When you’re writing a class, a method, even a single line of code, try to foresee what can go wrong. Throw a helpful exception message or write an explanatory log entry. A few minutes spent adding an informative error message can save your future self hours searching for the source of a bug.
Keep it out of the wild
Let’s say the bug stemmed from a type safety issue in an untyped language, lurking unnoticed in production for weeks before pouncing on an unsuspecting passerby.
How did this bug get into the wild in the first place? How did we tolerate it for so long? Why didn’t we detect it earlier?
Two practices that could have helped here are code reviews and monitoring.
Review that code
How did this bad code make it past code review? Was a proper code review process even in place? Are overworked code reviewers just rubber stamping everything?
Take code reviews seriously. — And that goes for the reviewee as much as the reviewer. Make sure your pull requests are easy to review — small, focused, understandable, and documented.
Monitor it
If an issue makes it past our hawk-eyed code reviewers, we may yet catch anomalies in the production system before they reach pandemic proportions, perhaps with a regimen of monitoring supported by a healthy dose of synthetic transactions.
Careful with copy-paste coding
Sometimes an organization has adopted a culture of copy-paste coding.
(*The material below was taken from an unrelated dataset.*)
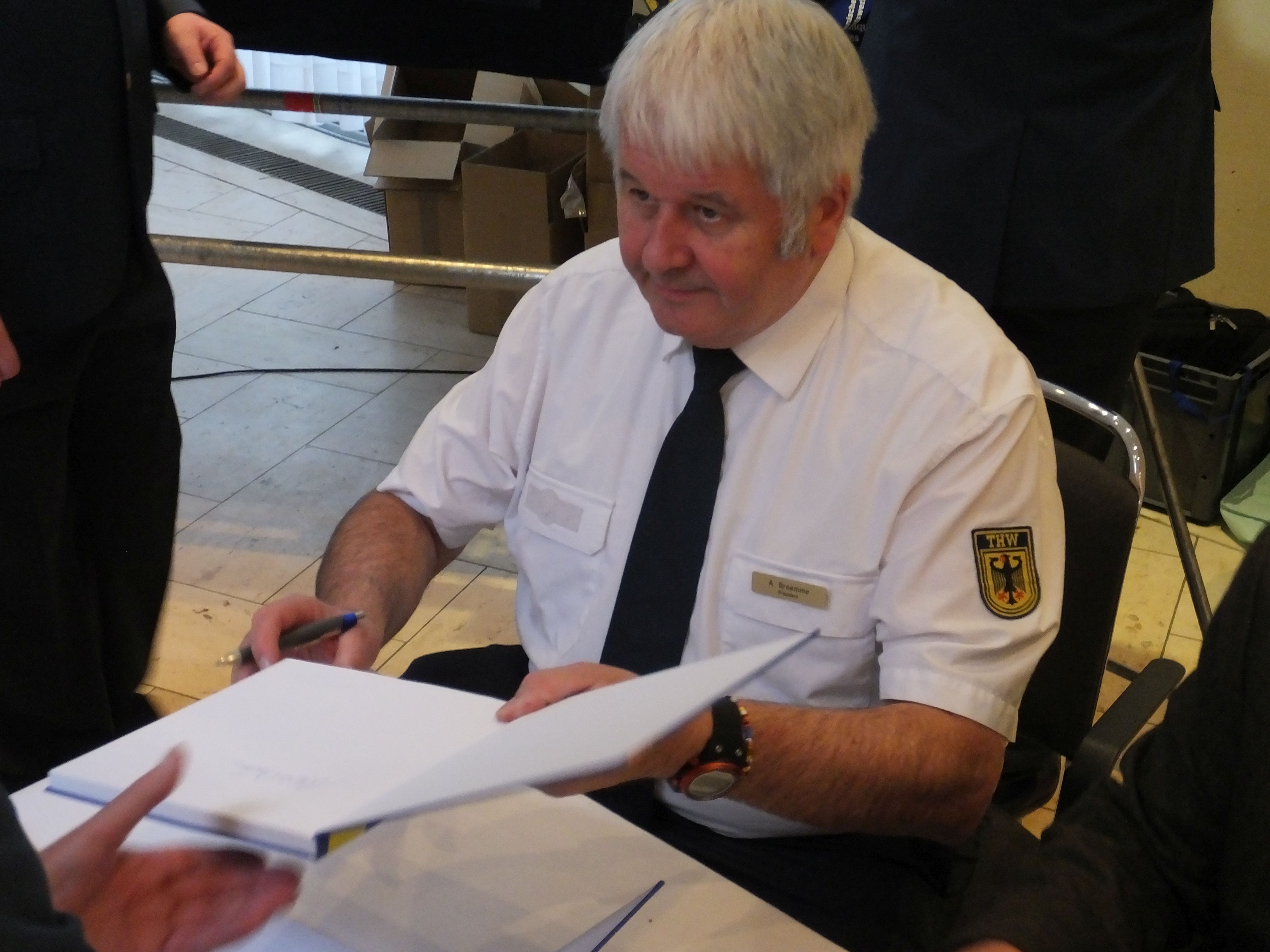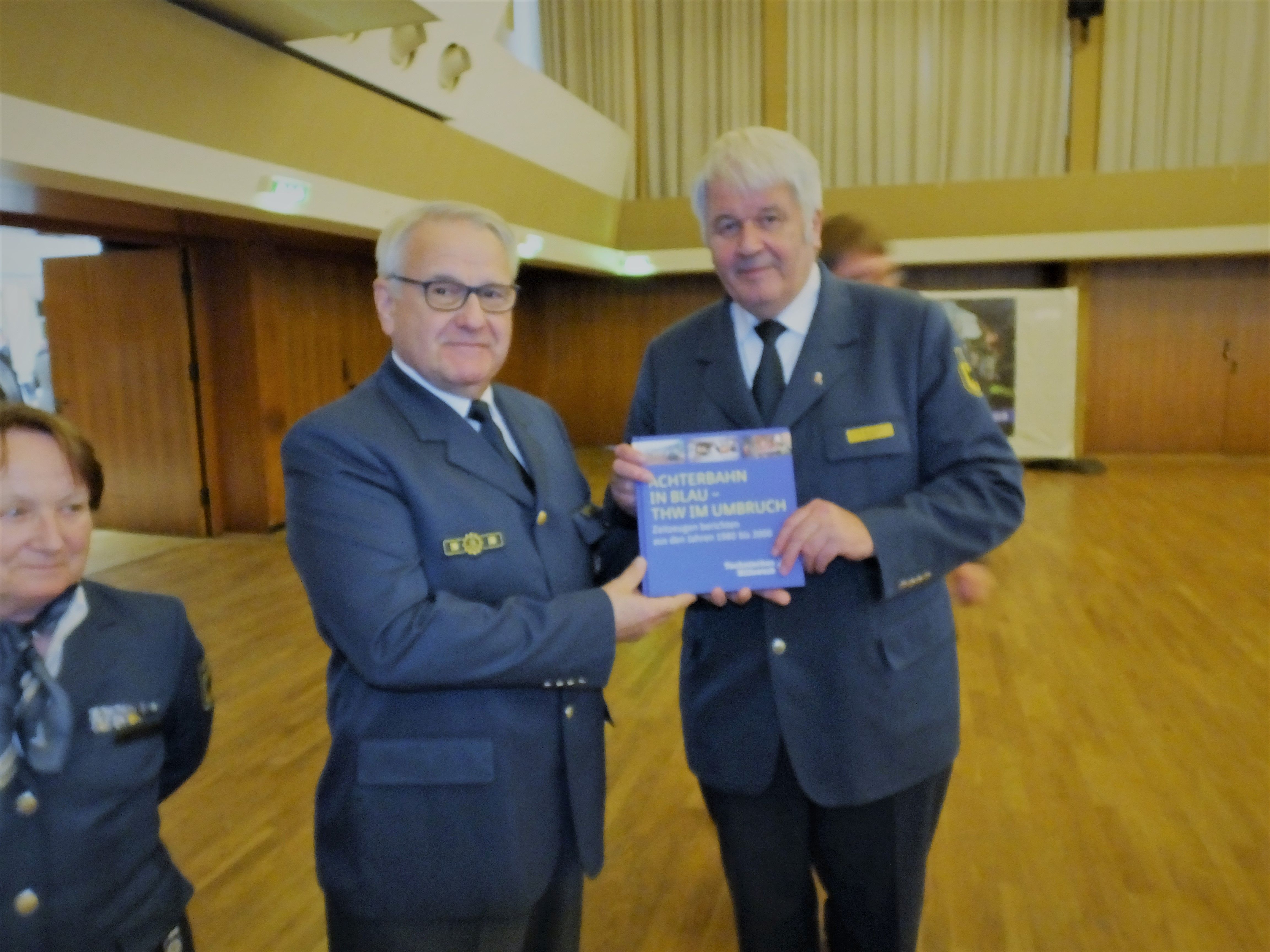 Neben der Verabschiedung wurde das gerade fertig gewordene Buch „Achterbahn in Blau – THW im Umbruch“ vorgestellt und an alle Anwesenden verteilt. In diesem Buch haben fünf Weggefährten des THW – Gerd-Jürgen Henkel, Dr. Johannes Gerster, Dr. Konrad Ammermüller, Frank Schulze und Paul Wilmes – über ihre Zeit beim THW von 1980 bis 2000 berichtet.

It seems developers are hurriedly copying and pasting unvetted code from Stack Overflow without sufficient understanding or testing.
The solution here is additional training in code hygiene and even a small dose of cynicism. Stack Overflow and friends are wonderful, but their code samples should be treated as hints to the solution rather than gold standard production code.
The aftermath
After analyzing the ticket, you realize that the a true root-cause fix for the bug is likely to be extremely difficult given the resources available to your organization. At the least, you’ll need to pull in a few more developers from your team. More likely a fix will require a coordinated effort from the entire organization.
You document your research and findings so that you’ll be better prepared when COVID-20 rears it’s ugly round head. And one thing’s for sure — You’ve got a lot to discuss at the next retrospective!